Spicy Roast Vegetable, Butterbean & Lentil Soup - Vegan Friendly
I started making this soup in a cold Melbourne winter when I was at uni. It was the perfect go-to soup to keep warm while studying for hours, keep any colds & viruses at bay and affordable on a student budget. It keeps well in the fridge and is easy to reheat. It’s packed full of veggies and goodness, and very easy to adjust to your palate, health needs or climate.
Time Poor? No sweat. A super quick version can be done by not roasting the vegetables, which still gives good flavour, just not quite as hearty as when roasting until the vegetables are caramelising.
This is the base recipe, feel free to adjust to suit you.
Ingredients
2 x medium - large sweet potatoes
2 x red capsicums
6 x medium sized carrots
1 x brown onion
1 x bulb of garlic
1 x teaspoon cayenne
1 x teaspoon turmeric powder
2 x cans of organic tomatoes (or equivalent of fresh tomatoes)
2 x cans organic lentils
1 x can organic butter beans
1 x tub of tomato paste (140g 100% tomato concentrate - no added salt)
Organic Olive oil
500 ml (or more if wish) of free range/organic chicken stock or vegetable stock to be vegan friendly.
1L of boiled water
Baking paper (optional)
Medium sized soup pot, large deep baking tray and hand blender are required.
Variations:
Spices: Ginger, smoked paprika, turmeric & cummin.
If you prefer a creamy consistency but wish to remain dairy free add another can of organic butter beans, or 2 x cans of butter beans : 1 x can of lentils.
Other vegetables to consider: beetroot (caramelises nicely), parsnips and pumpkin.
Time poor?
If you don’t have time to roast the vegetables you can just add it all in the pot, bring to boil, blender and serve. It is much faster, just not quite as tasty.
Let me know how you go! Enjoy.
Method
Turn oven on to 180 degrees.
Line the tray with a sheet of baking paper (not essential it just helps with cleaning).
Peel and chop sweet potatoes, capsicum and carrots to bite sized pieces. I find 2-3cm squares works well. The bigger the pieces the longer it will take to cook. Add them all to the baking tray.

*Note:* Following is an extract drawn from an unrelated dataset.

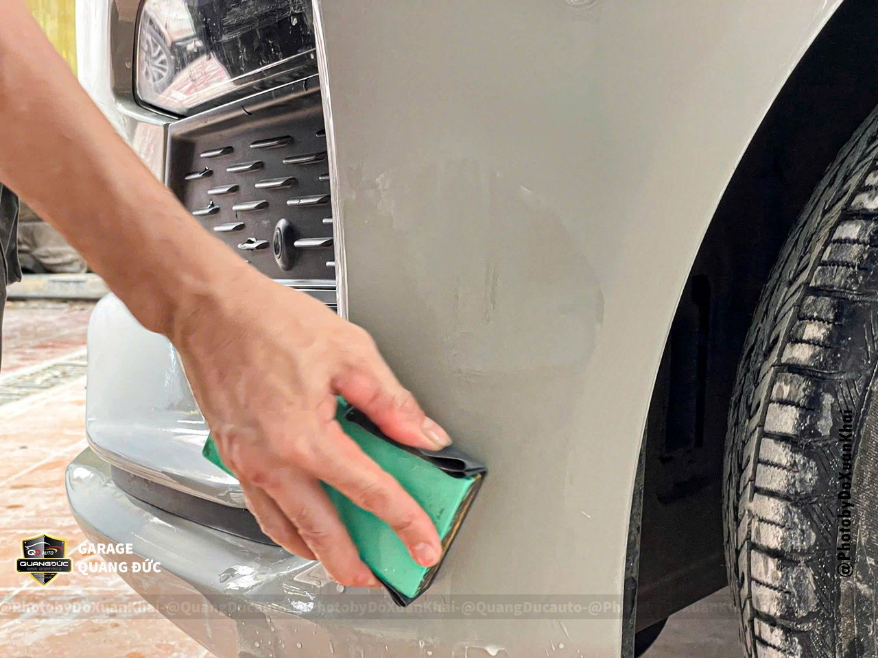Bước 2: Làm sạch và xử lý các vết lồi lõm trên bề mặt xe

Peel garlic so all cloves are whole still and add them to the vegetables in the baking tray.
Add a good splash of olive oil over the vegetables and toss it all through so they’re all covered.
Put tray of vegetables and garlic into the preheated oven.
Check vegetables and turn them over every 20-25 minutes, until they’re brown and caramelising.
For this amount of vegetables it takes my oven about 75 minutes or so. The trick is to keep checking them and turning them over, they’re ready when they’re caramelised, soft in the middle and dark brown on the outside. Note: The more vegetables in the tray the longer it takes.
When nearing the end of their cook dice onion into medium pieces.
Add a splash of olive oil to pot, turn stove top plate on to medium high heat, add diced onions to warmed oil. Cook until nice and brown.
Boil 1 litre of water in kettle.
Open cans of lentils and butter beans, place in strainer over the sink and run under water to rinse them. Keep turning them over under the water until there are no more bubbles coming off them. Note: pre-soaked lentil & butterbeans can also be used, it just takes more planning to soak them overnight!
Once onions are brown add all the vegetables and stock, stir and bring to boil. Add the boiled water, tomato paste, canned tomatoes, lentils, butter beans, turmeric and cayenne. Add salt & pepper to taste, if you wish. Stir, bring to boil and then down to a simmer for 15 - 20 minutes. Stir a couple of times to make sure the bottom of the soup isn’t burning. Once simmered, take off heat and set aside to cool.
When cooled for a few minutes start blending with the hand blender. Add more water to make blending consistency to your preferred choice.
Serving suggestions
Once blended it’s ready to serve. Pictured here topped with coriander microgreens. Other serving suggestions: cracked pepper & hummus.
Allow the rest to cool before converting to storage containers (unless glassware) and keep in the fridge.